The ideal is a monitoring system that is comprehensive (alerting on all conditions that need attention) and noise free (NOT alerting to any conditions that do not need attention.) A noisy alert system is almost as bad as no monitoring – it will train people to ignore their alerts.
These goals are diametrically opposed, and further complicated by the fact that different users of the monitoring have different criteria for what needs attention or is noise. However, with appropriate alert escalations and routing, and some good processes in place, you can approach this state.
What processes can help?
Use Scheduled Down Time
This is probably the most important process to enforce. If someone is going to be working on a system, schedule downtime! Prevent the alerts going out in the first place. If you have regular maintenance windows for sets of hosts, set up the scheduled downtime to recur automatically. If there are processes that will trigger alerts periodically (such as CPU alerts triggered by disk scrubs on NetApp filers), schedule recurring downtime for just that alert.

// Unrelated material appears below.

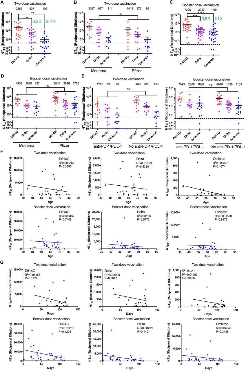 The Omicron variant exhibits strong immune-escape in two-dose-vaccinated patients with cancer which is overcome by booster vaccinations. Gaussia luciferase reporter gene-bearing lentiviral vector was pseudotyped with spike from SARS-CoV-2 variant of interest, and pseudotyped viruses were then incubated with serially-diluted patient serum before being used to infect HEK293T-ACE2 cells. Culture media were changed after overnight infection and were measured for the luciferase activity at 48 and 72 hrs post-infection. (A and B) Sera from 23 patients with solid cancer collected after the second mRNA vaccine dose (12 mRNA-1273 and 11 BNT16b2) were used to neutralize pseudotyped virus bearing the spike of D614G, Delta and Omicron variants, and resulting 50% neutralization titers (NT50) were calculated. (C and D) Sera from 27 patients with solid cancer collected after booster vaccination (9 mRNA-1273 and 18 BNT16b2) were used to neutralize pseudotyped viruses of D614G, Delta or Omicron variants, with NT50 calculated. (E) NT50 values against D614G, Delta and Omicron variants in cancer patients, with or without anti-PD-1/PDL-1 treatments: two-dose vaccination and booster dose vaccination. (F) Correlative analyses between NT50 values against variants and patient’s age: two-dose vaccination and booster vaccination. (G) Correlative analyses between NT50 against variants and sera collection days: two-dose vaccination and booster vaccination. In all cases, mean NT50 values are displayed at the top of each plot; bars represent mean +/-standard error, and significance is determined by one-way ANOVA with Bonferroni’s multiple testing correction. P-values are represented as ** p < 0.01, *** p < 0.001, **** p < 0.0001; ns, not significant (defined as P > 0.05).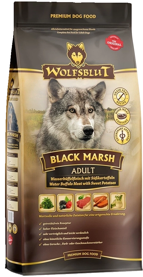 - Wolfsblut Black Marsh to sucha karma dla psów z bawołem i dodatkiem dyni.

Get Rid of unneeded alerts
For every alert received, an assessment should be made during the initial deployment of the monitoring – was the alert needed? If so, acknowledge the alert and go fix the problem. If not, how general can the removal of the alert be made? If the alert is regarding buffer discards on a switch, but only on the port where a 1Gbps network links to a 100Mbps uplink, discards are normal and expected, so the threshold should be adjusted just for this one specific port. If the alert is regarding swap space used on a QA system, and QA regularly engages in stress tests that would trigger this, you should disable the alert or adjust the threshold on the QA group. (For resources shared on systems, such as storage array volumes, you should add a filter to disable the QA alerts, or set different thresholds.)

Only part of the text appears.